Please repeat, exactly and without pictures, the lines of the entries below that run from the one containing "47. 1859. 2" through the one containing "Interra iX3 is".

▶ Supplied material:
= = = =
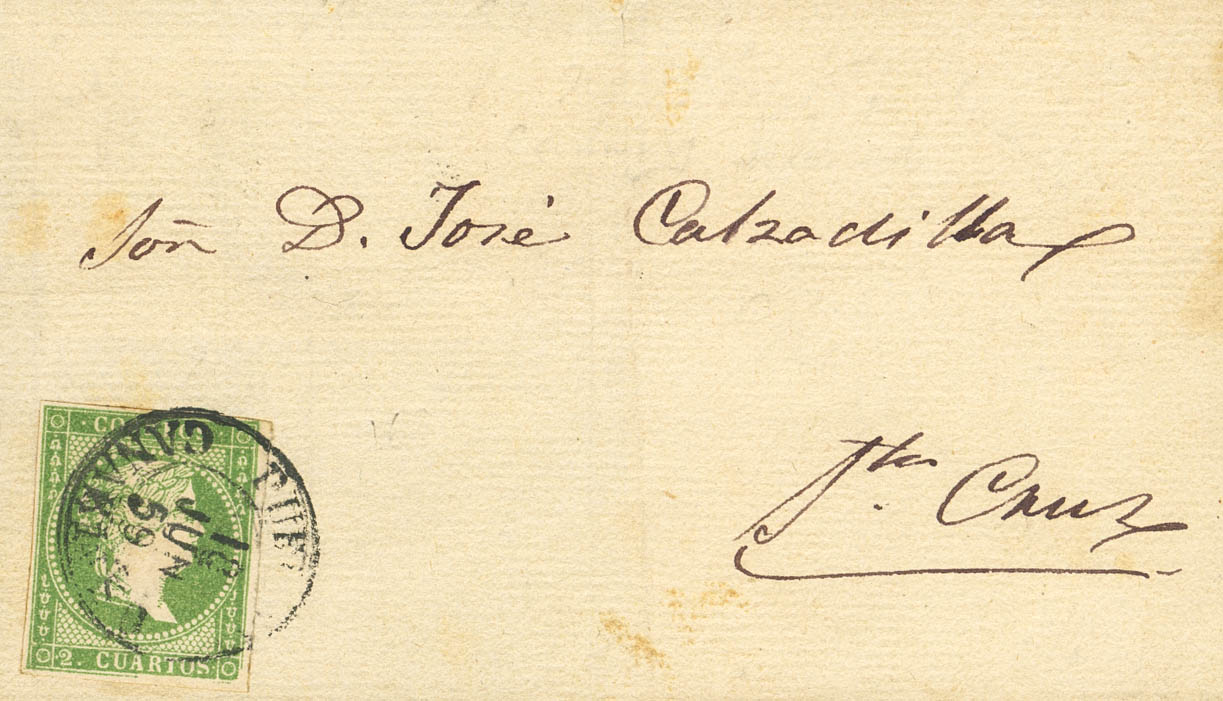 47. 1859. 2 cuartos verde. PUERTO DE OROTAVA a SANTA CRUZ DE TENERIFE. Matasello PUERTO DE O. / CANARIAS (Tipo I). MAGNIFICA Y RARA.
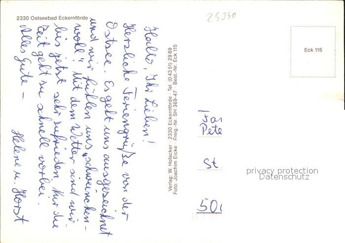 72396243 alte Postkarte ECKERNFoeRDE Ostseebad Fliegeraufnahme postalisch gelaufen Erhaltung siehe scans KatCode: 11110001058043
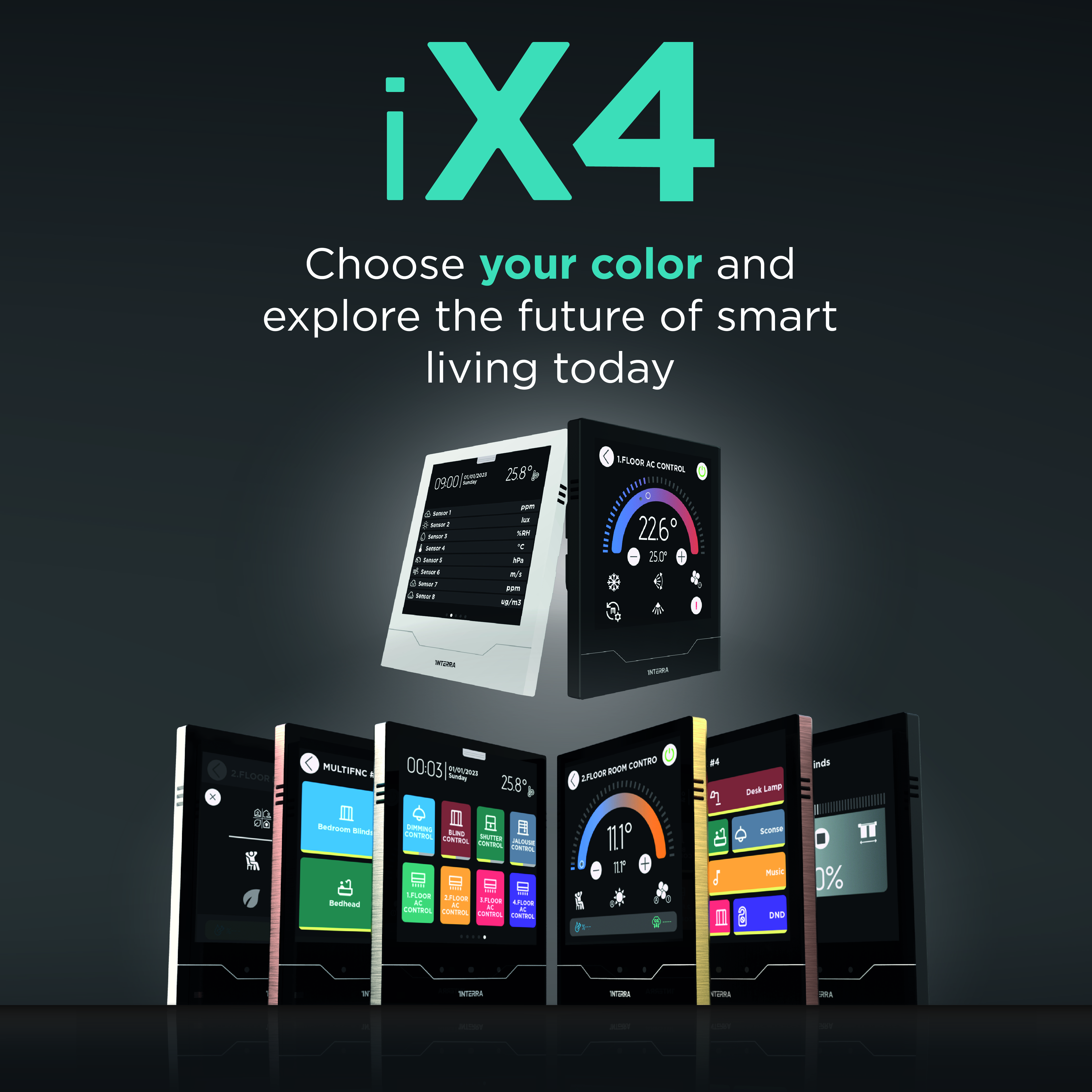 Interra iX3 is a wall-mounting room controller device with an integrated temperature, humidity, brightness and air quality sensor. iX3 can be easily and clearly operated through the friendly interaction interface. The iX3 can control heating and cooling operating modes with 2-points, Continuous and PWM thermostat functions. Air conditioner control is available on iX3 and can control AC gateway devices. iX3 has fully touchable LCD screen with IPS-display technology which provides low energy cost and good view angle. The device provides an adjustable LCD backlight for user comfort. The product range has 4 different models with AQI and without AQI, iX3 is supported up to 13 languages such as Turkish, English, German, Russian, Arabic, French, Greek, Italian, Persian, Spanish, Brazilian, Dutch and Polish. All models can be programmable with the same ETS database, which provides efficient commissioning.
= = = =
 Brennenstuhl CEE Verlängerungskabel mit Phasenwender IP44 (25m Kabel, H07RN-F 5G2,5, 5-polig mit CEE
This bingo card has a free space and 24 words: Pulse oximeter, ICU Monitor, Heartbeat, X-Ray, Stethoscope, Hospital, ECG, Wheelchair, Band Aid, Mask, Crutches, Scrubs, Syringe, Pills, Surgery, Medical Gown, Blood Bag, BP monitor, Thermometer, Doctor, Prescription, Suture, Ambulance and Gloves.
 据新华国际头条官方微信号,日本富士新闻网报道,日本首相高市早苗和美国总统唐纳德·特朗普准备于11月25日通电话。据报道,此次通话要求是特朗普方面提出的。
= = = =
▶ Completed exercise:
 47. 1859. 2 cuartos verde. PUERTO DE OROTAVA a SANTA CRUZ DE TENERIFE. Matasello PUERTO DE O. / CANARIAS (Tipo I). MAGNIFICA Y RARA.
 72396243 alte Postkarte ECKERNFoeRDE Ostseebad Fliegeraufnahme postalisch gelaufen Erhaltung siehe scans KatCode: 11110001058043
 Interra iX3 is a wall-mounting room controller device with an integrated temperature, humidity, brightness and air quality sensor. iX3 can be easily and clearly operated through the friendly interaction interface. The iX3 can control heating and cooling operating modes with 2-points, Continuous and PWM thermostat functions. Air conditioner control is available on iX3 and can control AC gateway devices. iX3 has fully touchable LCD screen with IPS-display technology which provides low energy cost and good view angle. The device provides an adjustable LCD backlight for user comfort. The product range has 4 different models with AQI and without AQI, iX3 is supported up to 13 languages such as Turkish, English, German, Russian, Arabic, French, Greek, Italian, Persian, Spanish, Brazilian, Dutch and Polish. All models can be programmable with the same ETS database, which provides efficient commissioning.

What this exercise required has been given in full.